As part of the 159th Guriy Infantry Regiment, Lazarev participated in the Russo-Turkish War (1877–1878), participated in the Battle of Kars. In 1880 he became a non-commissioned officer and met with Leo Tolstoy. In 1884, Lazarev was arrested for participating in the Narodnaya Volya military organization, and was visited by Tolstoy in Butyrka prison. Lazarev was administratively exiled to the Trans-Baikal village of Tataurovskoe for three years. Lazarev was released on July 8, 1887, with the prohibition of residing in a number of cities of the Russian Empire. He returned to his native village, but a year later, on February 19, 1888, was again arrested in Buzuluk because of his links with Narodnaya Volya.

In August 1888, Lazarev was again exiled to Eastern Siberia for five years, but already on July 4, 1890, having met American explorer George Kennan, escaped and emigrated to the United States. In the US, he learned English and worked as a typesetter in Milwaukee. He worked with Kennan on a book and was involved in the Society of Friends of Russian Freedom. In 1894 he moved to London to unite isolated revolutionary groups.

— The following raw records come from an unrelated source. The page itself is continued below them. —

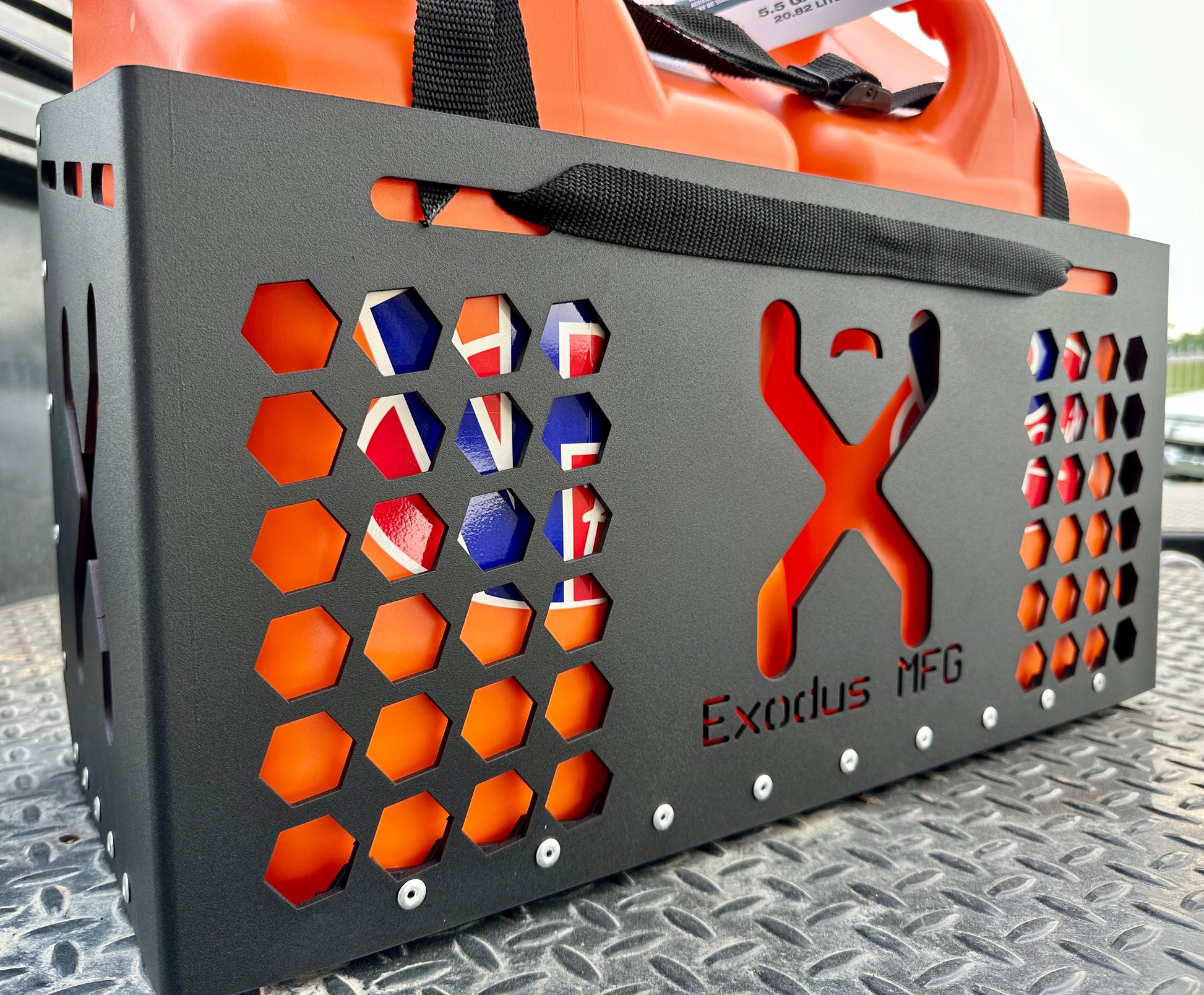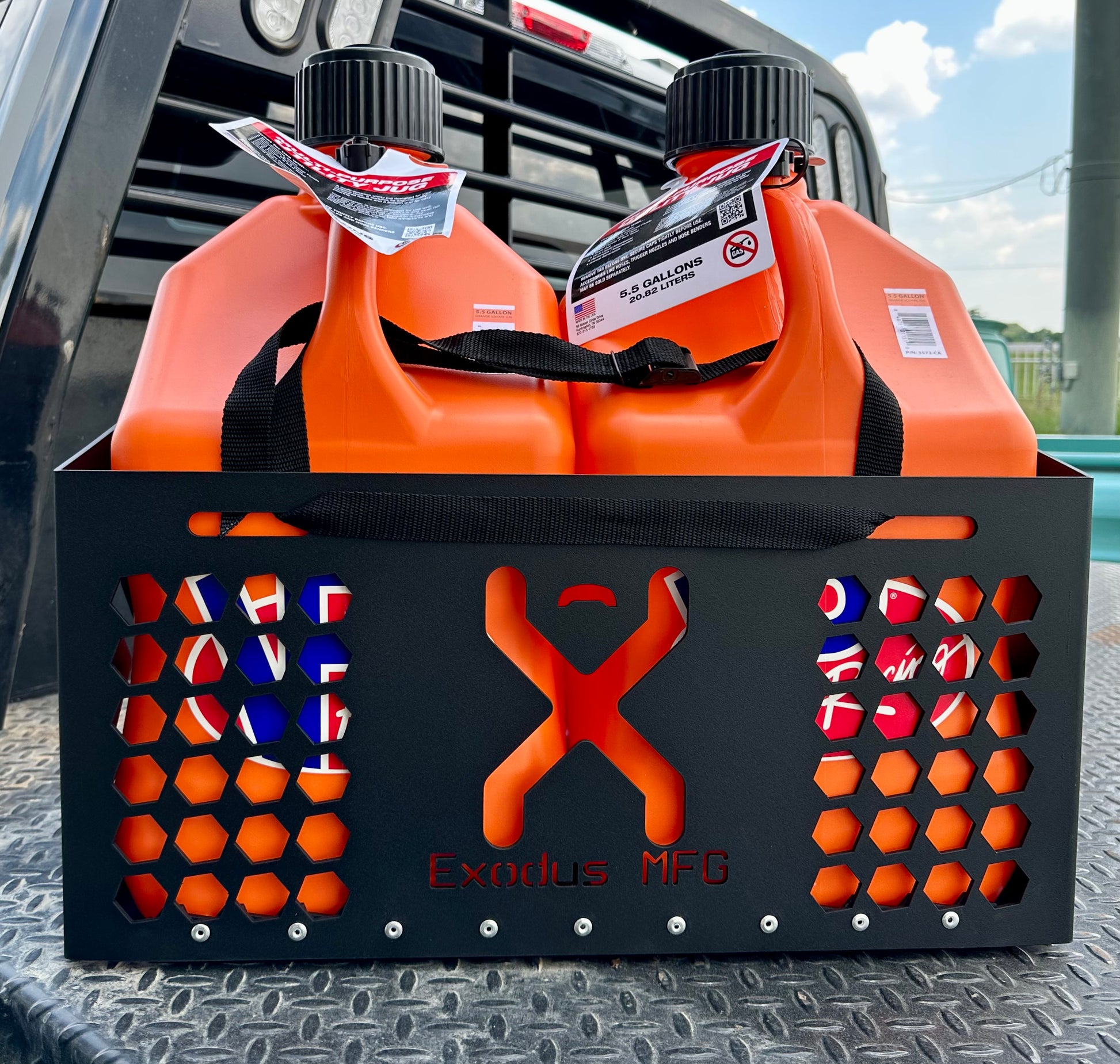 Exodus Manufacturing is proud to introduce our new line of fuel jug (can) holders for VP-style fuel jugs! These holders are 100% and Proudly Made In The USA, 100% in-house in our facility!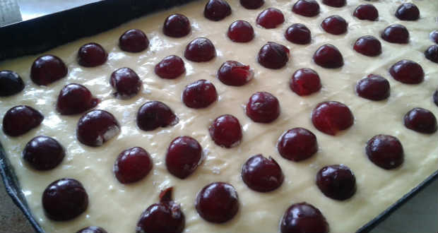 A meggyet megmossuk és kimagozzuk. Lisztbe mártva ráhelyezzük a tészta tetejére. A lisztbe mártogatás azért szükséges, hogy a meggy ne süllyedjen le a tészta legaljára.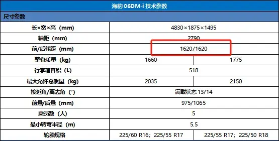 很多人忽略了車身參數中前后輪距,一個決定車內橫向空間和操控基礎的指標。軸距固然重要,畢竟它會確定車輛的縱向空間。軸距達到2790mm的海豹06DM-i也已經足夠保障車內空間。但是,在高度相差不多的情況,前后輪距更大,不僅能直接反映車內橫向空間更足,同時車輛側傾重心也會更低,更有利提升操控。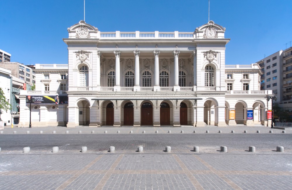Un decreto del 1853 del presidente Manuel Montt prevedeva la costruzione di un teatro municipale nella capitale della sua nazione, una città in rapida crescita. L’architetto cileno francese Claudio Brunet des Baines fu incaricato della sua progettazione e la costruzione fu affidata a un altro ingegnere civile cileno, Felipe Charme de l’Isle. Brunet des Baines creò un esterno neoclassico francese per il teatro, sebbene la sua morte nel 1855 lasciasse la supervisione del progetto al suo connazionale, Lucien Henault e all’assistente di quest’ultimo, Manuel Aldunate. Il nuovo team beneficiò anche di una collaborazione con Charles Garnier, l’architetto dell’Opéra national de Paris. Il Teatro Municipale fu inaugurato il 17 settembre 1857, con l’opera Ernani, eseguita da una compagnia italiana portata appositamente per l’occasione. All’epoca il teatro ospitava 1.800 spettatori e includeva particolari dettagli al suo interno, come un lampadario a goccia in cristallo. L’8 dicembre 1870 l’esibizione della diva dell’opera Carlotta Patti fu seguita da un enorme incendio, che praticamente distrusse l’edificio. Una rapida risposta sia del governo locale che dell’alta società cilena portò alla pronta ricostruzione del teatro, progettata da Henault e completata il 16 luglio 1873. La sua reinaugurazione fu accompagnata da una rappresentazione de La forza del destino di Verdi.

At the station, he was met by Nikolai Tchaikovsky.

Lazarev then went to Paris, but under pressure from the Russian authorities, he was arrested and expelled from France on July 12, 1894. In the summer of 1895, Lazarev moved to Switzerland, where he married Yulia Alexandrovna Lakier, and settled in the town of Clarens.

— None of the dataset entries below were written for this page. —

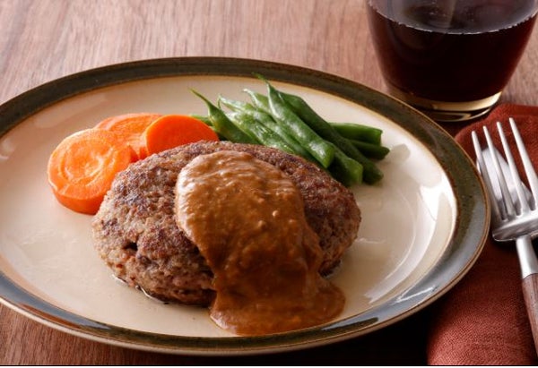 「トリュフデミハンバーグ」シンプルなデミグラスソースにトリュフ入りキノコペーストを加えて香りをプラスしました。生クリームを加えるとトリュフが一層引き立ちます。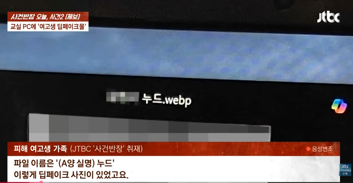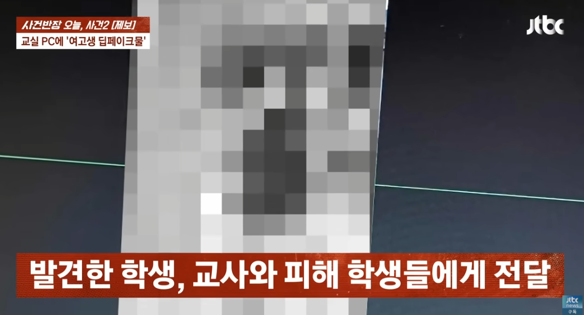 서울의 한 고등학교 교실의 공용 PC에서 여학생의 사진을 조작한 딥페이크 이미지와 성적 표현이 담긴 글이 발견됐다는 '제보'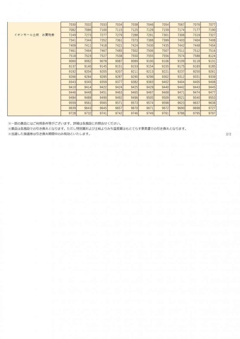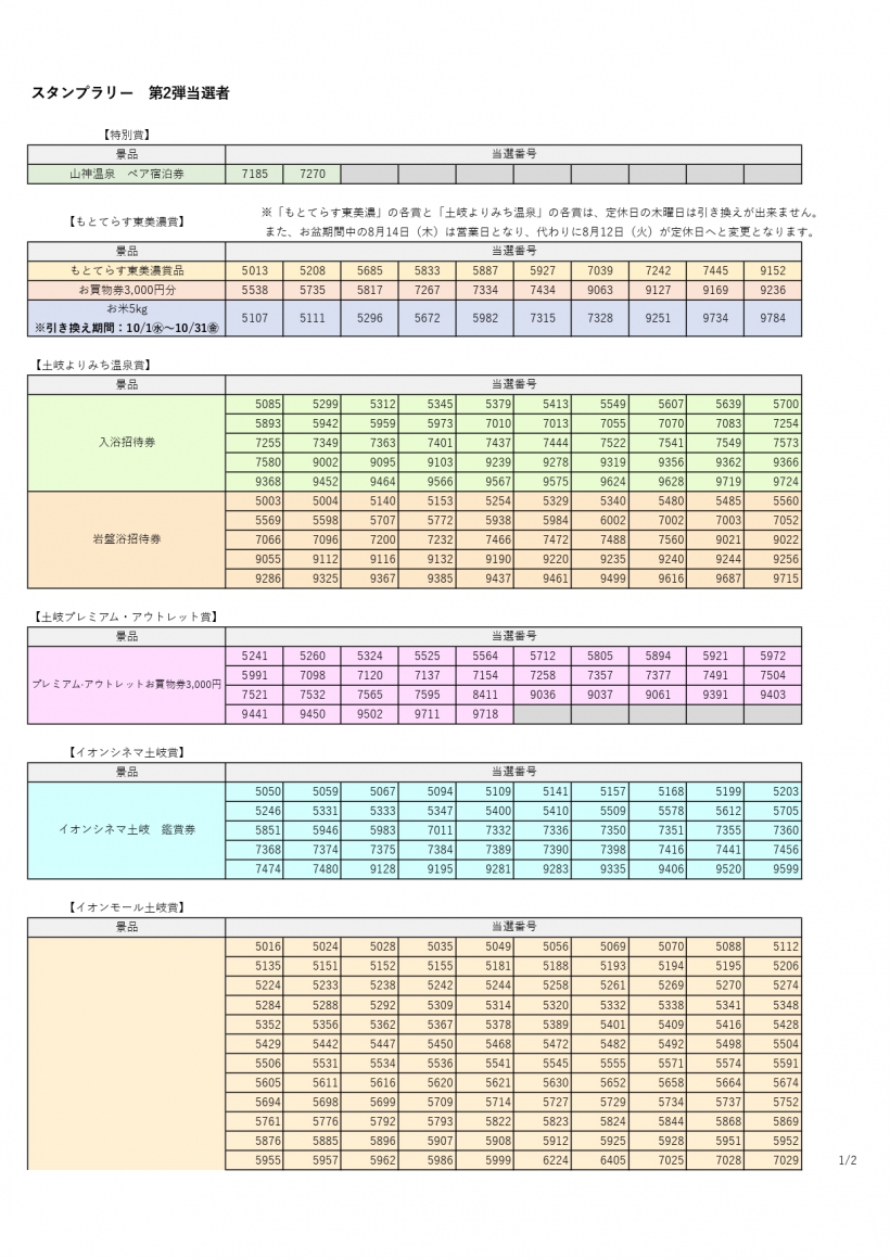 ※特別賞およびもとてらす東美濃賞、土岐よりみち温泉賞の景品交換は、「もとてらす東美濃」定休日の木曜日は引き換えが出来ません。

During the 1905 Russian Revolution, Lazarev was in Russia, was a member of the Peasant Commission under the Central Committee of the Socialist Revolutionary Party and was one of the experts of the Social Revolutionary group at the Second Duma, but in 1907 he again left for Switzerland. In 1909, Lazarev returned to St. Petersburg, where he began working as a secretary for the editors of the Knowledge Herald magazine. In 1910 he was arrested and for the third time exiled to Siberia. Lazarev returned to Russia in 1917 where he witnessed Lenin's arrival by train.

He did not accept the October Revolution, however, and struggled against the Bolsheviks. He became Minister of Education in the Committee of Members of the Constituent Assembly in Samara Governorate. In 1919 he left Russia for Prague, where he published the journal Volya Rossii (The Will of Russia). He died in Prague in 1937.